Re: [xml] Re: I18N Issues.

Date view Thread view Subject view Author view

From: Daniel Veillard (Daniel.Veillard@w3.org)
Date: Tue Feb 08 2000 - 11:02:23 EST


On Tue, Feb 08, 2000 at 09:11:13PM +0800, Y. Cheng wrote:
> On Tue, Feb 08, 2000 at 09:39:08AM +0100, Daniel Veillard wrote:
> > > Latter tne encoding="xxx" will do real job (of changing encoding into
> > > the real encoding).
> > If needed, which for ISO-LATIN-X is not the case.
>
> Yes, encoding="xxx" is optional to xml.
> (This is what you want to express ?)

  and if not expressed we have to assume UTF-8 (or 16), that's the spec

> > > With this, as the encoding change from XML_CHAR_ENCODING_NONE to
> > > some spectific encoding (well, say EUC-JP), we needs a function to
> > > transform the existing buffer from origional data to read utf8.
> > > (maybe xmlSwitchEncoding of call by xmlSwitchEncoding). But this
> > > transformation only accept transformation from XML_CHAR_ENCODING_NONE
> > > to some other encoding. Once the transformation is done, no more
> > > transformation is necessay (there is no method to switch encoding
> > > in the middle of XML document, right ?) so all other mechanism will
> > > work.
> > yep something like that is needed.
>
> Do you think we should change from
>
> isolat1ToUTF8(xxx *out, int outlen, xxx *in, int inlen)
> to
> isolat1ToUTF8(xxx *out, int outlen, xxx *in, int *inlen)
>
> which the output of inlen is how many bytes left on in.

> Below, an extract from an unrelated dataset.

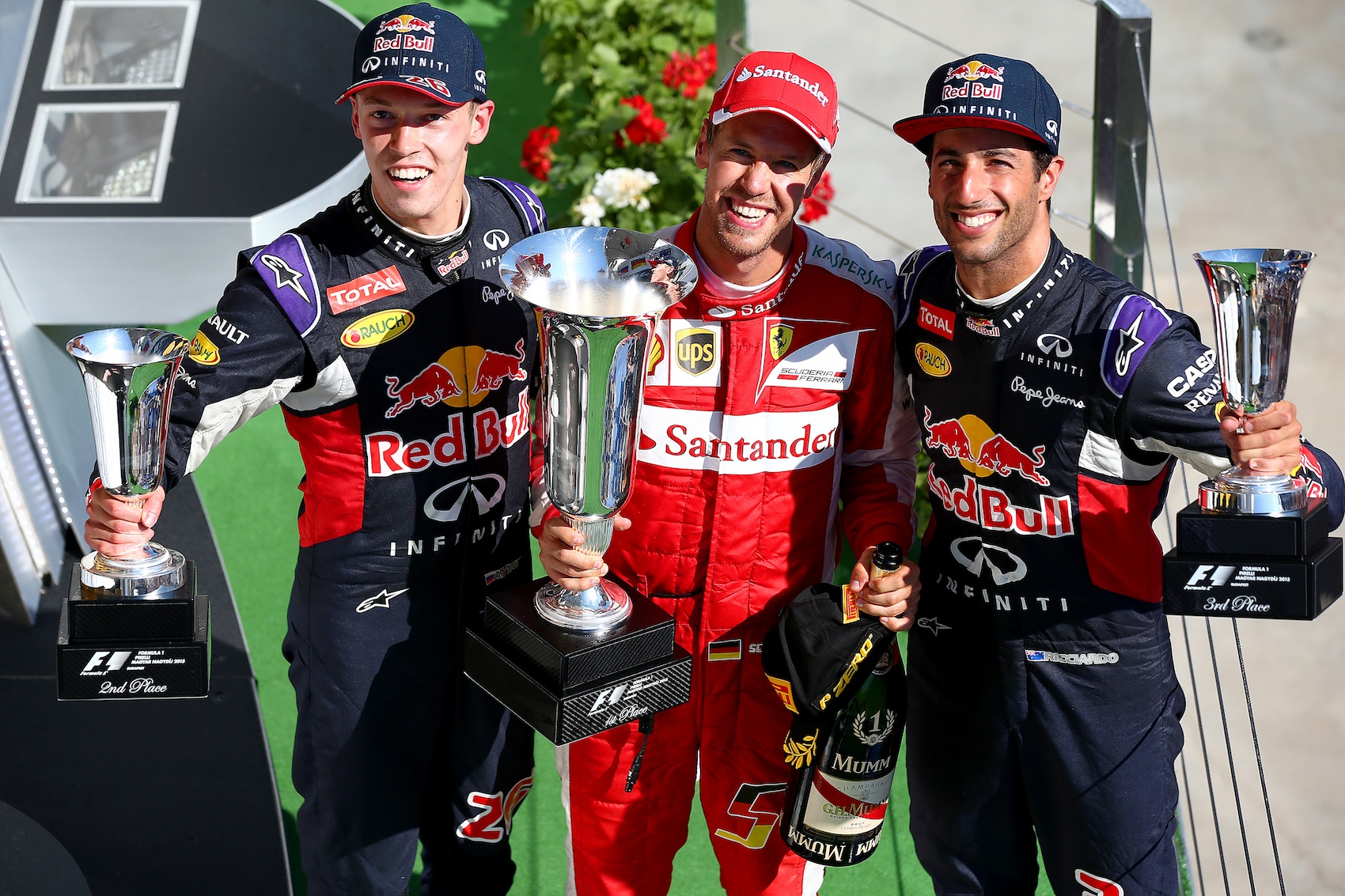 Budapest 2015 Sieger Sebastian Vettel mit Daniel Ricciardo und Daniil Kvyat (c) Thompson Getty Images

 isolat1ToUTF8 (and this class of functions) returns the number of byte
written, or -1 by lack of space. So there is already an error condition
but I agree that the upper layer pushing a buffer which doesn't end-up
on a character boundary should not be considered an error.
 For compatibility with other similar apis, I would rather have *inlen
return the actual number of byte read. In that case we could also not
generate an error if outlen is too small either. it's better to unify the
two "error" case handling.

> > > And the last thing, the encoding transformation function in
> > > encoding.c (say UTF8ToUTF16) can't handle if not enough byte is
> > > given (say one the first byte of a three-bytes character is read in)
> > > For a thread-safe library, I suggest we add a return value to let
> > > UTF8toUTF16 say that some byte are not processed and store these
> > > byte in a new field on "struct _xmlParserInput".
> > I'm not entierely convinced it's the place where this should be
> > stored. I would rather add it to the input buffer. After all at one
> > time multiple entities may be opened and we may have residual bytes
> > from each of them.
>
> You mean "struct _xmlParserInputBuffer" ?
> If yes, I can't agree anymore and sorry not to notice this.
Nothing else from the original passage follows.